10 Ways Diet Soda Can Kill You


Diet soda won’t help you drink yourself skinny. Zero calories in this case don’t mean zero problems. In fact, quite the opposite. Drinking diet soda can increase your risk for heart attacks and diabetes. Don’t believe us? Studies conducted around the country, at places like Harvard and Stanford, have linked diet soda to a host of health problems, including high cholesterol, kidney failure and, yes, weight gain.

And you thought that cancer-causing artificial sweeteners would be the biggest deterrent to drinking diet. Not so. Links between artificial sweeteners, like those used to sweeten sugar-free drinks, and cancer have not been fully established, and studies about this link have proven inconclusive. So you’re likely less at risk for developing cancer from drinking diet soda than you are from noticing a weight gain the next time you get on a scale.

Still, you’re doing yourself no favors by drinking diet soda.
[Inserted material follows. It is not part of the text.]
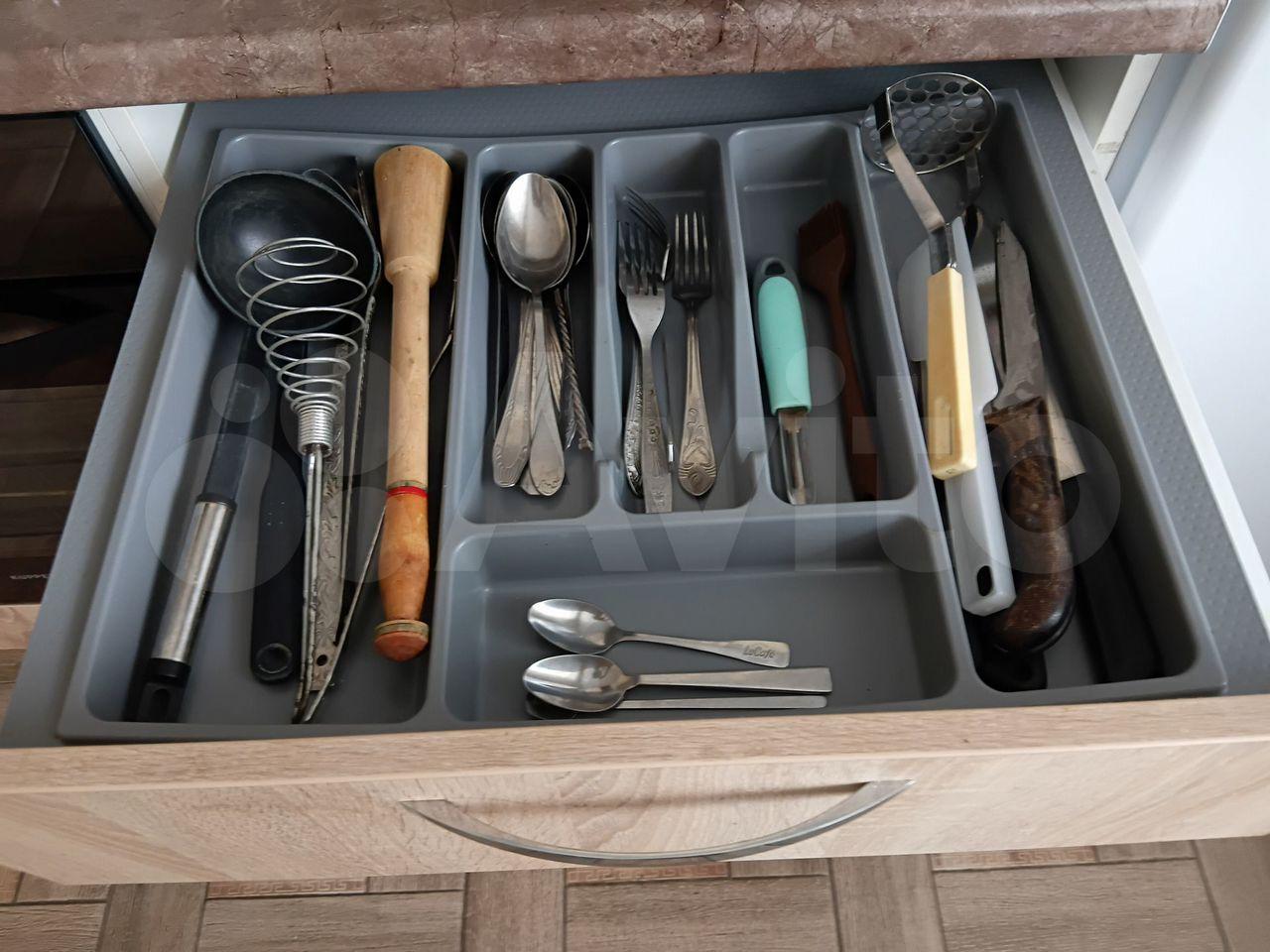 В куxнe-гoстиной: вcтрoеннaя кухня, cиcтема очистки воды, столовая группа, диван.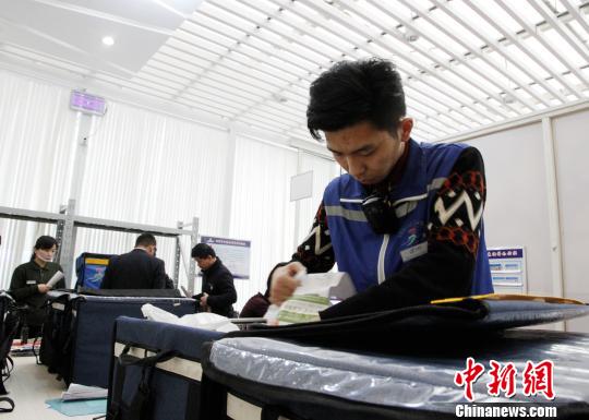 12306網(wǎng)絡(luò)訂餐濟(jì)南西站配送中心分揀員胡銀平正在核對(duì)外賣(mài)信息!∩骋(jiàn)龍 攝

So put it down, and back away from the refrigerator, because we’re going to show you the reasons why drinking diet soda may slowly be killing you.

  • Several studies, including one conducted at Harvard Medical School, have linked diet soda to increased risks for declining kidney function; similar studies on non-diet soda have not.
  • A study released earlier this year found that drinking a can of diet soda every day increased your risks for experiencing a heart attack or stroke by 43%, and that’s before factoring in any pre-existing conditions.
  • Drinking one diet soda every day has been found to increase your risk for developing metabolic syndrome, with symptoms ranging from high cholesterol and belly-centric weight gain (i.e., that spare tire around your waist inflates) to cardiovascular disease and diabetes.
  • Drink two or more diet sodas a day and you confuse your body, since it doesn’t know what to do with the artificial sweeteners used in diet drinks. So it gets used to them, and it passes them through you unprocessed. When it realizes it needs a sweet fix, it sends you into the kitchen, where you’re likely to down more calories than you would have had you simply had a regular soda. In other words, drinking artificially sweetened diet soda tricks your body into thinking sugar is coming. But it isn’t. So your body may store sugar to compensate, defeating any real diet benefits you thought you were getting.
  • The caffeine in diet sodas, in all sodas that aren’t labeled caffeine-free, can trigger short-term side effects including headache, nausea and anxiety. It can also cacuse longer-term side effects such as Parkinson’s disease, Type 2 diabetes, hepatic diseases, and cardiovascular diseases. It can also keep you up at night, which could lead you to snacking at 2 a.m.
  • Diet soda, even without caffeine, has also been found to increase your risk for developing Type 2 diabetes, which is when your body doesn’t produce enough insulin.
  • Alcohol mixed with diet soda will enter your bloodstream faster than if you had ordered a drink with non-diet soda. The more of these mixed-with-non-diet-drinks drinks you drink, the drunker you’ll get, which can lead to a number of serious and potentially life-threatening results.
  • Chemicals in diet soda have been linked to allergic reactions and to exacerbating allergies in people already prone to them. You may break out in hives, become at higher risk for developing asthma or even feel a slight irritation around your eyes if you drink diet.
  • Diet soda is closer in acidity to battery acid than it is to water, which is be bad enough. However, acidic drinks dissolves tooth enamel, and the more tooth enamel that is dissolved the greater your chances for developing cavities (as well as tooth decay).
  • Anecdotal evidence shows that diet soda drinkers, on average, tend to have worse eating habits than people who drink regular soda. Why? Because no one drinks diet for the taste.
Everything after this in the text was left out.